TASK INSTRUCTIONS
Every entry below should be repeated exactly; the pictures should not.

EXERCISE MATERIALS
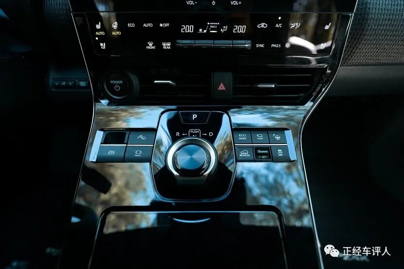 档位区域有些复杂,切换用了旋钮式,不动N档,往左R档,往右D档,P档单按,一开始可能让人有点难适应。但周围分布有电子手刹、自动驻车、全景影像、驾驶模式切换等功能按键,相比很多新势力要深入中控的四级五级菜单才能调整,个人认为,bZ4X的物理按键驾控区不仅方便,也更适应于这个从传统向未来转型的汽车新时代。
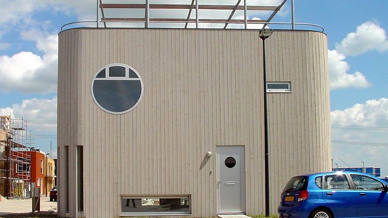 Deze woning is ontworpen voor een waterlokatie op Steigereiland in IJburg waar de gemeente een aantal vrije kavels heeft uitgegeven voor zelfbouwers. De waterwoning bestaat uit een drijvende, twee meter diepe betonnen bak met daarop een houten opbouw. De buitenzijde is bekleed met een antraciet zwart plaatmateriaal. Het woongedeelte toont zich als een uitsnede in dit volume. Aluminium schuifdeuren en houten betimmering zijn hier oranje van kleur. De woning is gebouwd in een scheepswerf in Diemen en is naar IJburg versleept. De eigenaar bouwt daar ter plekke de woning af.
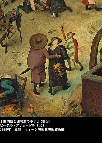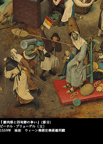 2つの時節――或いはそれらが象徴するカソリックとプロテスタントの対立、諍いのどちらかの側につくのではなく、両者ともに突き放して、世の習い、流行りに浮かれ騒ぐ愚かさを喝破して見せたのである。ブリューゲルの抱えていた独立不羈の精神の逞しさ、尊さに、脱帽させられる思いがする。
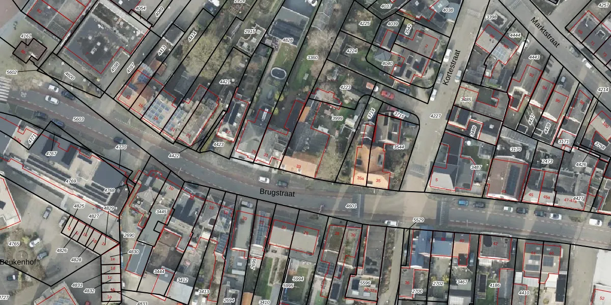 Het perceel waarop Brugstraat 33 staat heeft een oppervlakte van 490 m². Dit is een groot perceel. De perceeloppervlakte wordt geregistreerd door het Kadaster. Gedetailleerde informatie over de maten van dit perceel kunt u vinden in het rapport Kadastrale kaart met maatvoering van Brugstraat 33.
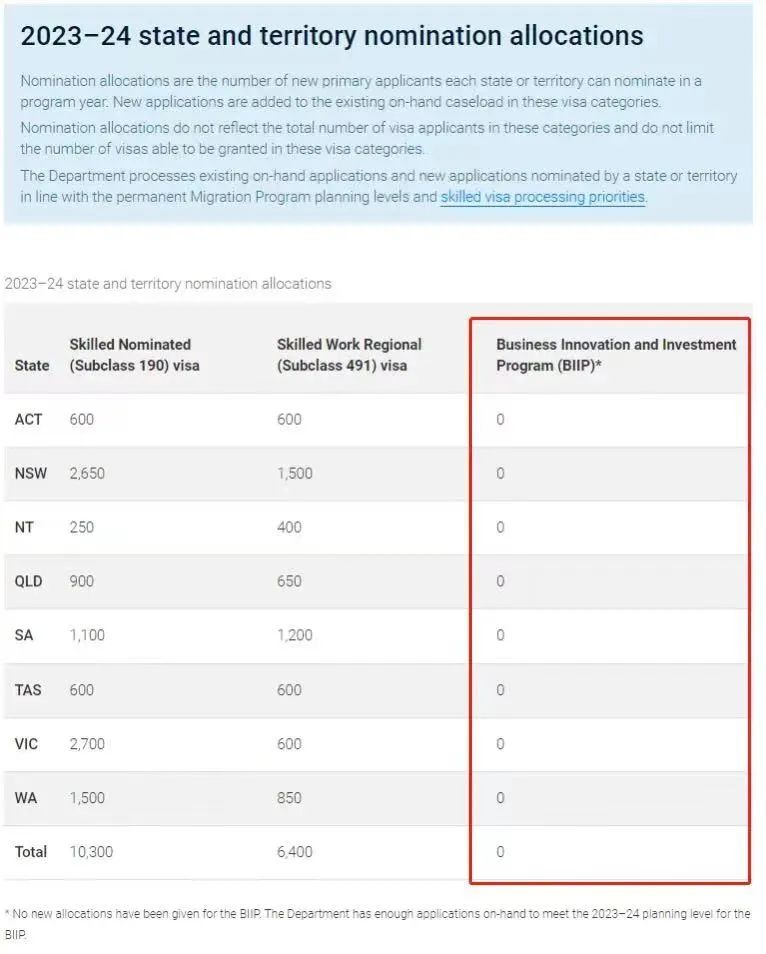 此外,各州投資移民配額全部為零!本財(cái)年澳洲投資移民通道全部關(guān)閉,無任何邀請配額。
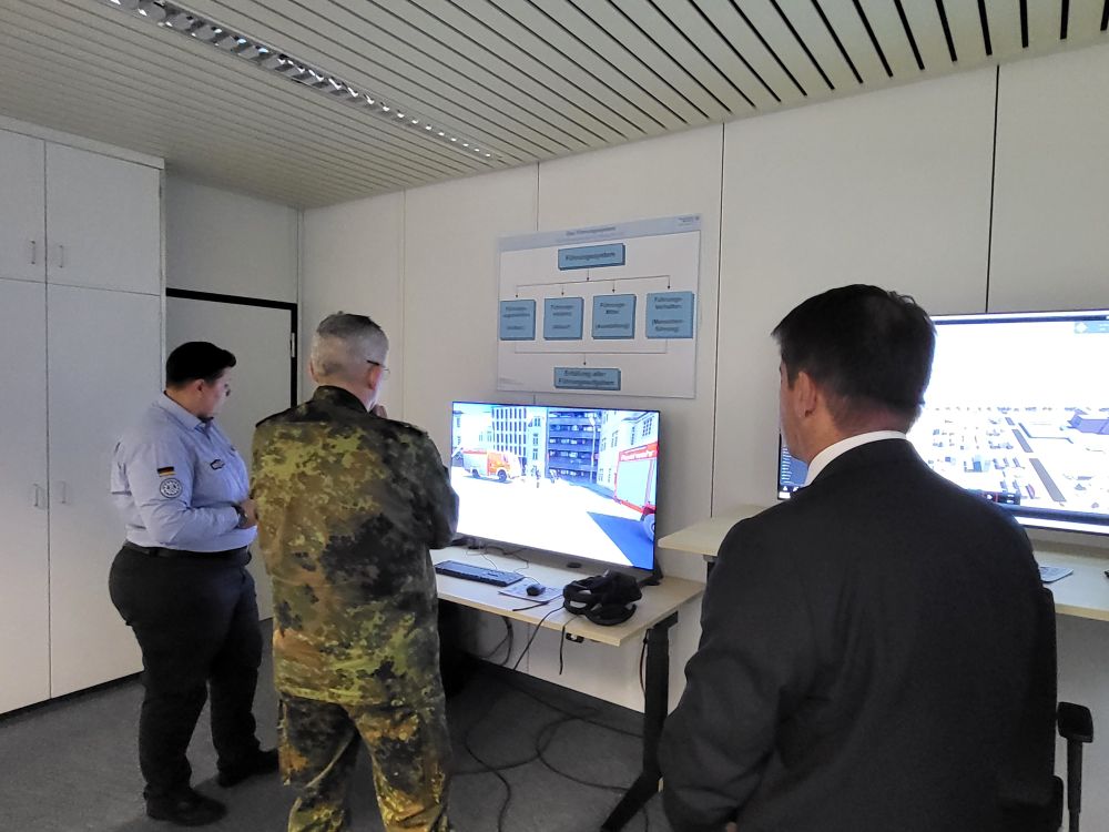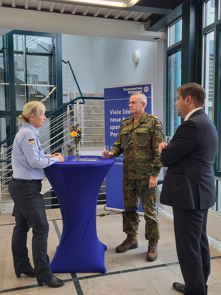 Vor Ort empfing die Leiterin des Ausbildungszentrums, Dr. Simone Kraatz, den Generalleutnant und den Oberbürgermeister. Im Mittelpunkt stand dabei das Ausloten von Berührungspunkten zwischen der Bundeswehr und den Blaulichtorganisationen. Beispielsweise sind hier Einsätze bei besonderen Lagen wie der Bekämpfung von Waldbränden oder anderen Naturkatastrophen oder die Ausbildung von Einsatzkräften zu nennen. Hier besteht sowohl vonseiten der Bundeswehr als auch dem Technischen Hilfswerk ein interesse daran, an einem gemeinsamen Netzwerk zwischen dem Heer und den Blaulichtorganisationen zu arbeiten. Regelmäßige Treffen könnten hier in Zukunft Abstimmungen und Zusammenarbeit weiter stärken.
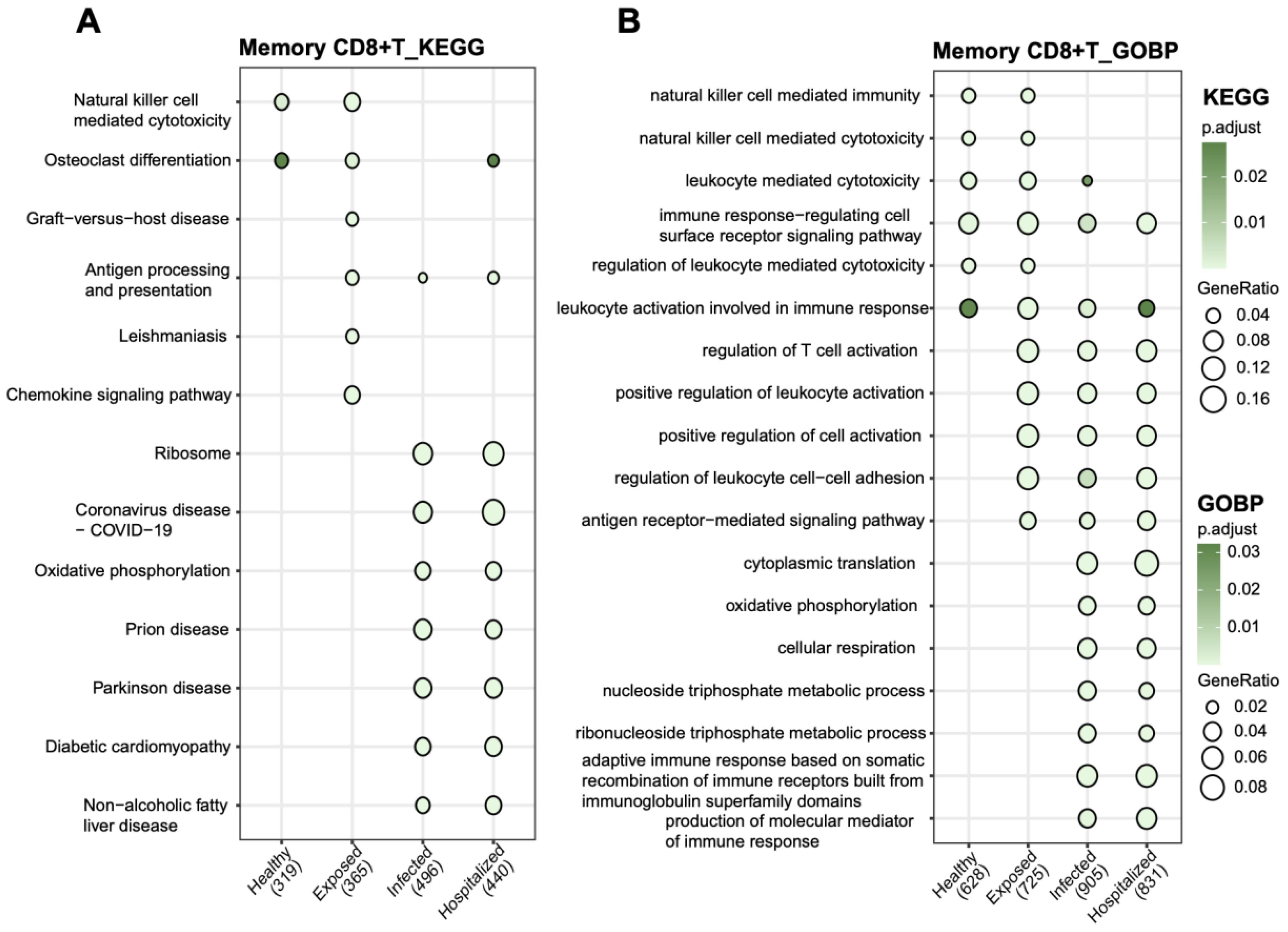 Dot plots show gene set enrichments for memory CD8+ T cells in different conditions using KEGG and GOBP pathways. Plot A (left) displays terms like osteoclast differentiation and COVID-19 with varying gene ratios. Plot B (right) highlights immune and metabolic processes. Color intensity represents p-values: darker shades indicate lower values. Gene ratios are shown by dot size. Conditions are categorized as Healthy, Exposed, Infected, and Hospitalized.
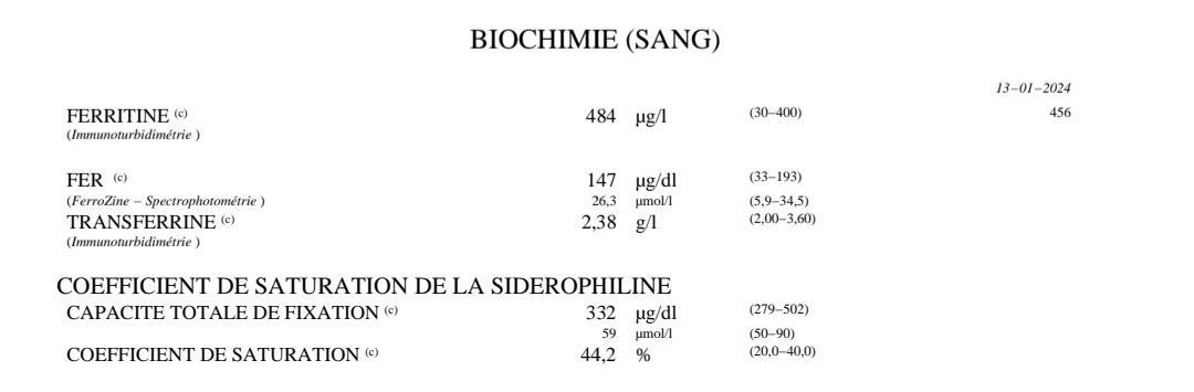 J'en avais déjà parlé, mes taux de ferritine sont plus haut que la norme mais pas suffisamment pour que le médecin mette en place des saignées.
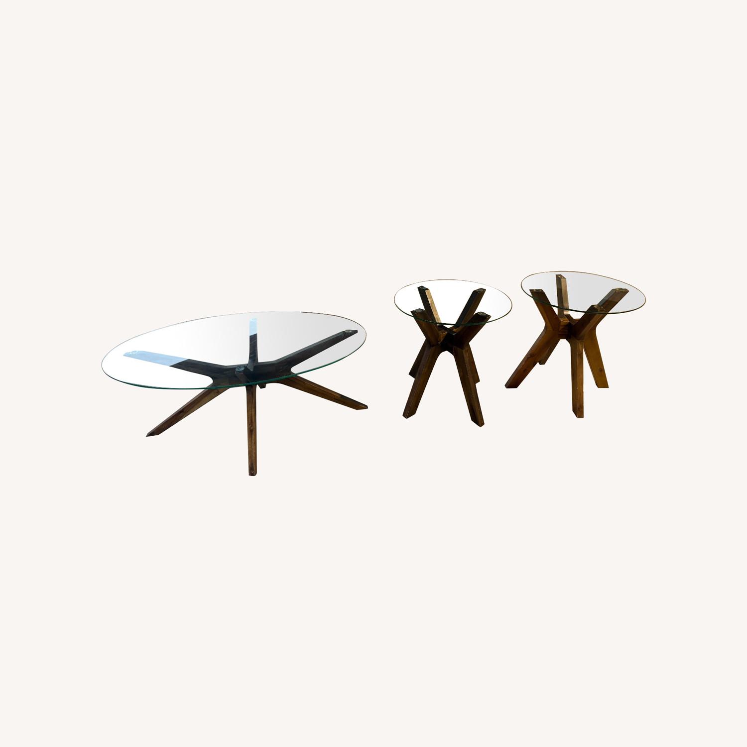 Wear and tear details: scratches, Perfect Conditions - Two Corner Table One Center Table Brown Wooden Frame with Heavy Glass Top - see pictures attached

OUTPUT FOR THIS TASK
 档位区域有些复杂,切换用了旋钮式,不动N档,往左R档,往右D档,P档单按,一开始可能让人有点难适应。但周围分布有电子手刹、自动驻车、全景影像、驾驶模式切换等功能按键,相比很多新势力要深入中控的四级五级菜单才能调整,个人认为,bZ4X的物理按键驾控区不仅方便,也更适应于这个从传统向未来转型的汽车新时代。
 Deze woning is ontworpen voor een waterlokatie op Steigereiland in IJburg waar de gemeente een aantal vrije kavels heeft uitgegeven voor zelfbouwers. De waterwoning bestaat uit een drijvende, twee meter diepe betonnen bak met daarop een houten opbouw. De buitenzijde is bekleed met een antraciet zwart plaatmateriaal. Het woongedeelte toont zich als een uitsnede in dit volume. Aluminium schuifdeuren en houten betimmering zijn hier oranje van kleur. De woning is gebouwd in een scheepswerf in Diemen en is naar IJburg versleept. De eigenaar bouwt daar ter plekke de woning af.
 2つの時節――或いはそれらが象徴するカソリックとプロテスタントの対立、諍いのどちらかの側につくのではなく、両者ともに突き放して、世の習い、流行りに浮かれ騒ぐ愚かさを喝破して見せたのである。ブリューゲルの抱えていた独立不羈の精神の逞しさ、尊さに、脱帽させられる思いがする。
 Het perceel waarop Brugstraat 33 staat heeft een oppervlakte van 490 m². Dit is een groot perceel. De perceeloppervlakte wordt geregistreerd door het Kadaster. Gedetailleerde informatie over de maten van dit perceel kunt u vinden in het rapport Kadastrale kaart met maatvoering van Brugstraat 33.
 此外,各州投資移民配額全部為零!本財(cái)年澳洲投資移民通道全部關(guān)閉,無任何邀請配額。
 Vor Ort empfing die Leiterin des Ausbildungszentrums, Dr. Simone Kraatz, den Generalleutnant und den Oberbürgermeister. Im Mittelpunkt stand dabei das Ausloten von Berührungspunkten zwischen der Bundeswehr und den Blaulichtorganisationen. Beispielsweise sind hier Einsätze bei besonderen Lagen wie der Bekämpfung von Waldbränden oder anderen Naturkatastrophen oder die Ausbildung von Einsatzkräften zu nennen. Hier besteht sowohl vonseiten der Bundeswehr als auch dem Technischen Hilfswerk ein interesse daran, an einem gemeinsamen Netzwerk zwischen dem Heer und den Blaulichtorganisationen zu arbeiten. Regelmäßige Treffen könnten hier in Zukunft Abstimmungen und Zusammenarbeit weiter stärken.
 Dot plots show gene set enrichments for memory CD8+ T cells in different conditions using KEGG and GOBP pathways. Plot A (left) displays terms like osteoclast differentiation and COVID-19 with varying gene ratios. Plot B (right) highlights immune and metabolic processes. Color intensity represents p-values: darker shades indicate lower values. Gene ratios are shown by dot size. Conditions are categorized as Healthy, Exposed, Infected, and Hospitalized.
 J'en avais déjà parlé, mes taux de ferritine sont plus haut que la norme mais pas suffisamment pour que le médecin mette en place des saignées.
 Wear and tear details: scratches, Perfect Conditions - Two Corner Table One Center Table Brown Wooden Frame with Heavy Glass Top - see pictures attached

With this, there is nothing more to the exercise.